What the task requires:
Retype the lines below exactly, but only those from the line that has "Với các cầu" through the line that has "whycat歪咖猫咪洗耳液宠物滴耳液耳螨猫用中耳炎猫耳朵清洁狗狗". Omit every picture.

══════════════════════════════

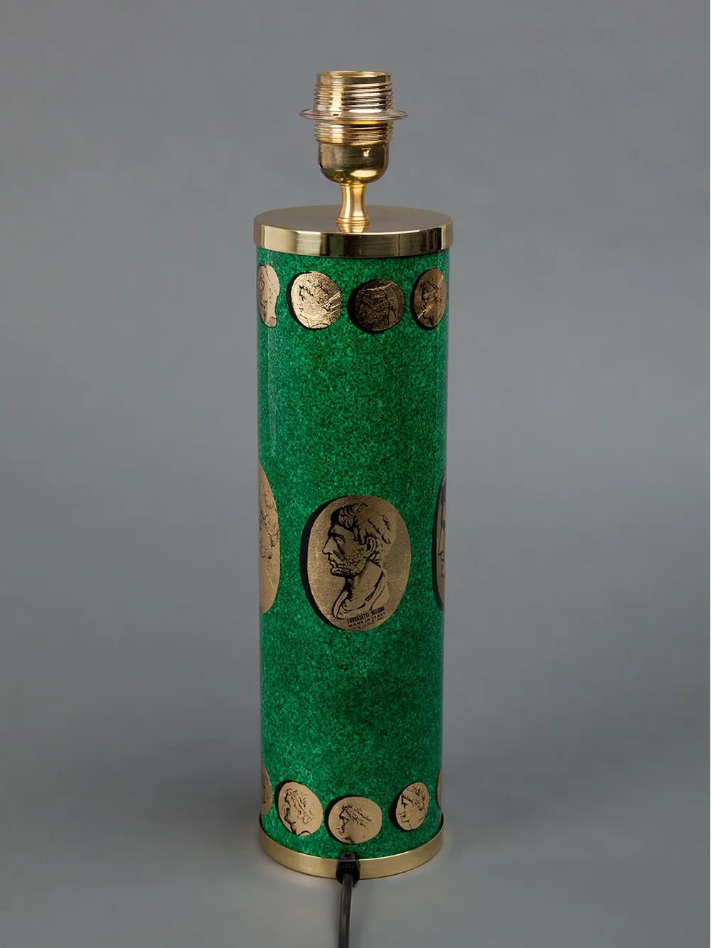 Золотистый с зелёным светильник с камеей от Fornasetti.
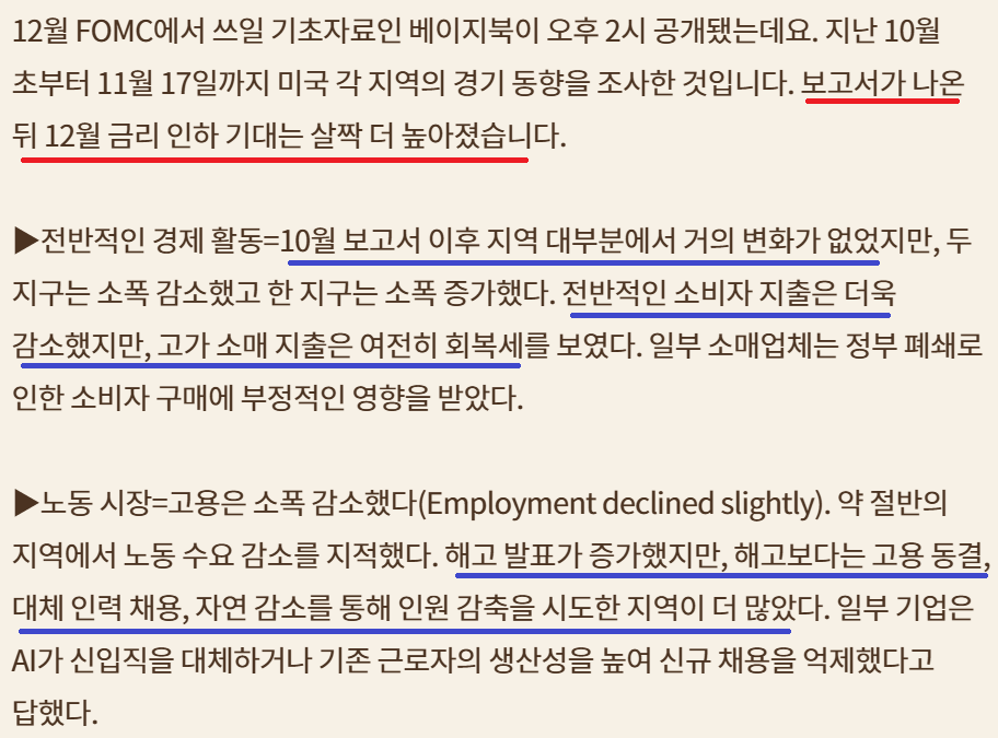 연준 베이지북; 고용 감소, 12월 금리 인하 기대감 커져; 차기 의장 후보 해싯 FED 금리 인하 촉구
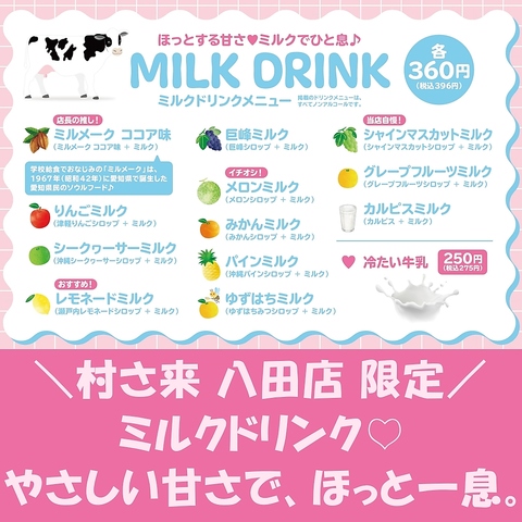 【 村さ来 八田店 の ミルク ドリンク メニュー♪ 】 お子さまでも安心、ノンアルコール ミルクドリンク
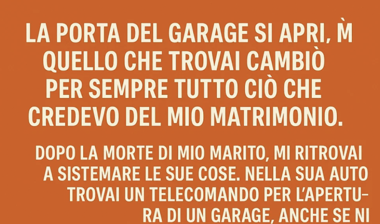 Dopo la morte di mio marito, mi ritrovai a sistemare le sue cose. Nella sua auto trovai un telecomando per l’apertura di un garage, anche se noi non ne avevamo uno che lo richiedesse. Incuriosita, iniziai a girare per il quartiere, premendo il pulsante lungo la strada. Funzionò davanti a un garage all’angolo. Il cuore mi batteva all’impazzata mentre la porta si sollevava lentamente, rivelando una vecchia bicicletta impolverata, un divano e una parete piena di foto incorniciate—alcune delle quali ritraevano proprio mio marito.
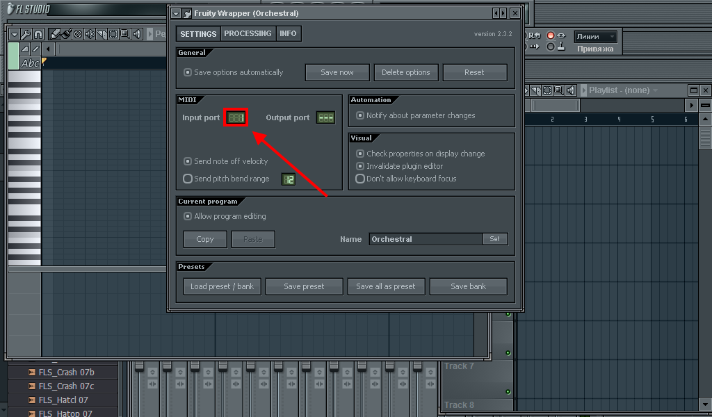 Теперь нам надо связать Dashboard и Orchestral, для этого жмакаем шестерёнку на плагине Orchestral и ищем там input port. Нашли?
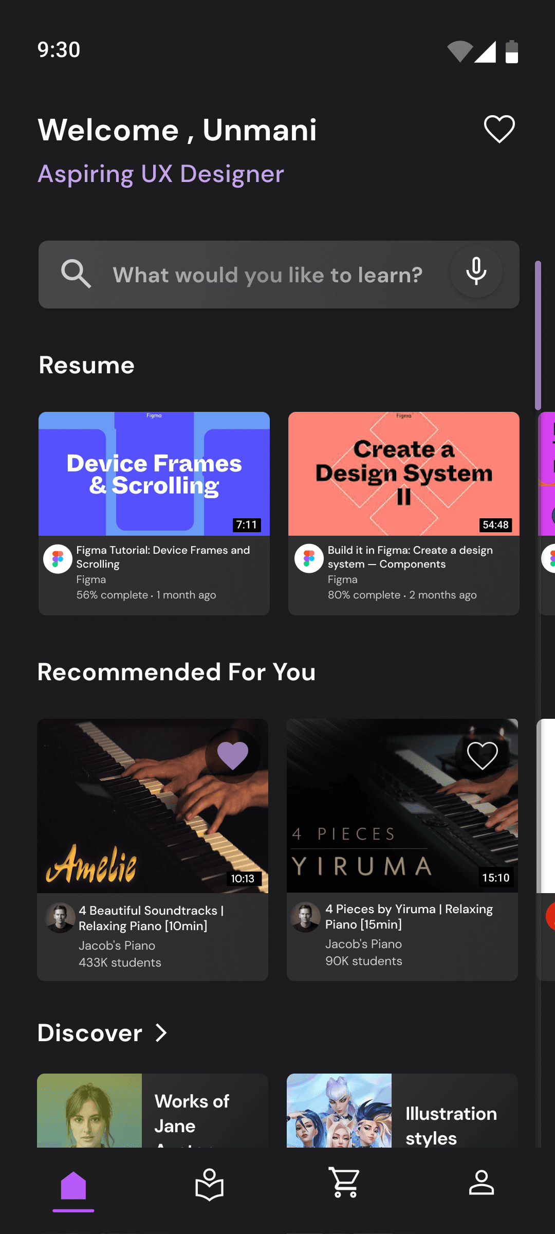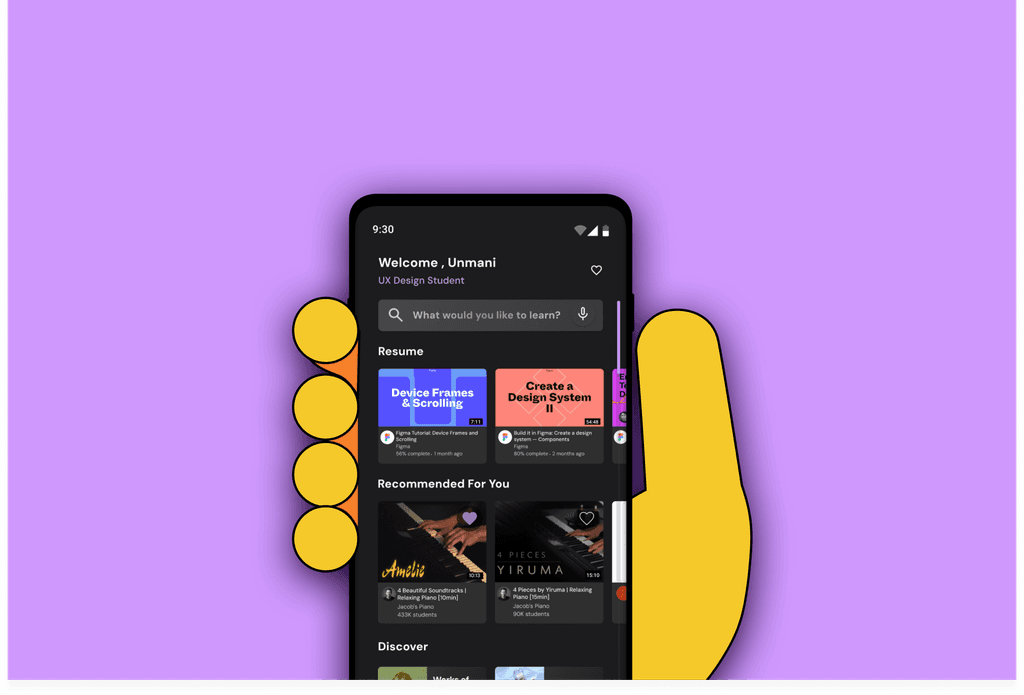 In the original design, a significant portion of screen space was dedicated to showcasing deals, which, while informative about new opportunities, obscured courses in progress for returning users, requiring additional scrolling. This introduced an unnecessary barrier between users and their ongoing courses, potentially delaying the gratification of completion and the genuine value derived from Udemy. Addressing this concern, the redesign prioritizes course resumption for returning users, followed by personalized recommendations based on onboarding data or search history for new users, as well as past completed courses. The discovery section highlights new course offerings, with recommendations and discovery serving as subtle advertisements, recognizing that information about deals can be more effectively communicated through alternative channels like social media.
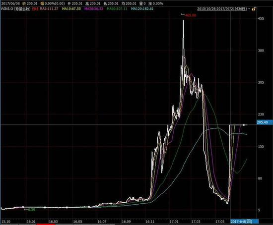 而2017开年后,其股价继续无遮拦地向上冲高,最高时达到465美元/股(相当于3185元/股),至2017年7月,即使回调到205美元/股,相对于2015年末6.5美元/股的最低点,其1年半时间的涨幅仍超过30倍(图1)。
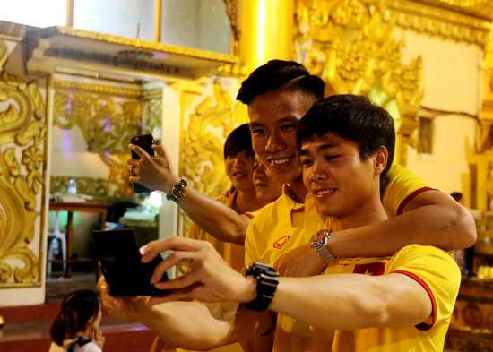 Với các cầu thủ trẻ, "selfie" là không thể thiếu.
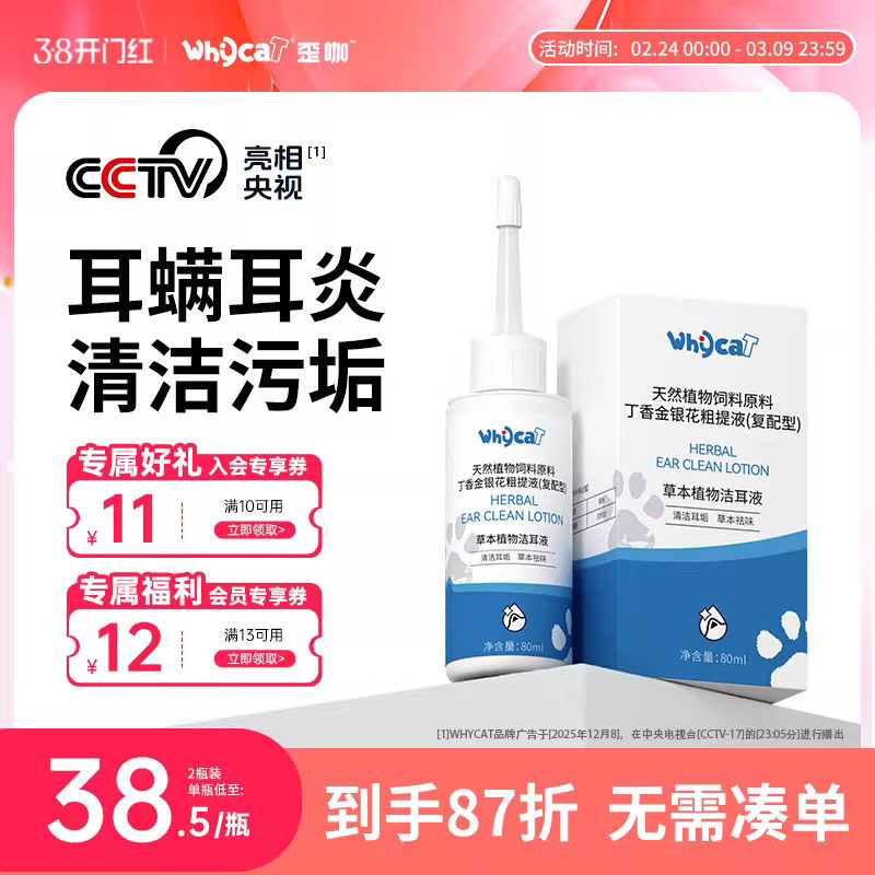 whycat歪咖猫咪洗耳液宠物滴耳液耳螨猫用中耳炎猫耳朵清洁狗狗
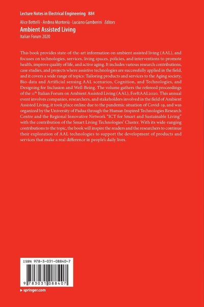 This book provides state-of-the-art information on ambient assisted living (AAL), and focuses on technologies, services, living spaces, policies, and interventions to promote health, improve quality of life, and active aging. It includes various research contributions, case studies, and projects where assistive technologies are successfully applied in the field, and it covers a wide range of topics: Tailoring products and services to the Aging society, Bio-data and Artificial sensing AAL scenarios, Cognition, and Technologies, and Designing for Inclusion and Well-Being. The volume gathers the refereed proceedings of the 11th Italian Forum on Ambient Assisted Living (AAL), ForItAAL2020. This annual event involves companies, researchers, and stakeholders involved in the field of Ambient Assisted Living, it took place online due to the pandemic situation of Covid-19, and was organized by the University of Padua through the Human Inspired Technologies Research Centre and theRegional Innovative Network "ICT for Smart and Sustainable Living" with the contribution of the Smart Living Technologies' Cluster. With its wide-ranging contributions to the topic, the book will inspire the readers and the researchers to continue their exploration of AAL technologies to support the development of products and services that make a real difference in people's daily lives.
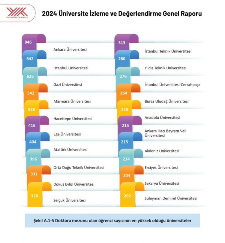 En fazla doktora mezunu veren üniversite 846 mezunla Ankara Üniversitesi oldu. Ankara Üniversitesini 642 mezunla İstanbul Üniversitesi, 626 mezunla Gazi Üniversitesi, 542 mezunla Marmara Üniversitesi ve 526 mezunla Hacettepe Üniversitesi takip etti.

══════════════════════════════

Answer space:
 Với các cầu thủ trẻ, "selfie" là không thể thiếu.
 whycat歪咖猫咪洗耳液宠物滴耳液耳螨猫用中耳炎猫耳朵清洁狗狗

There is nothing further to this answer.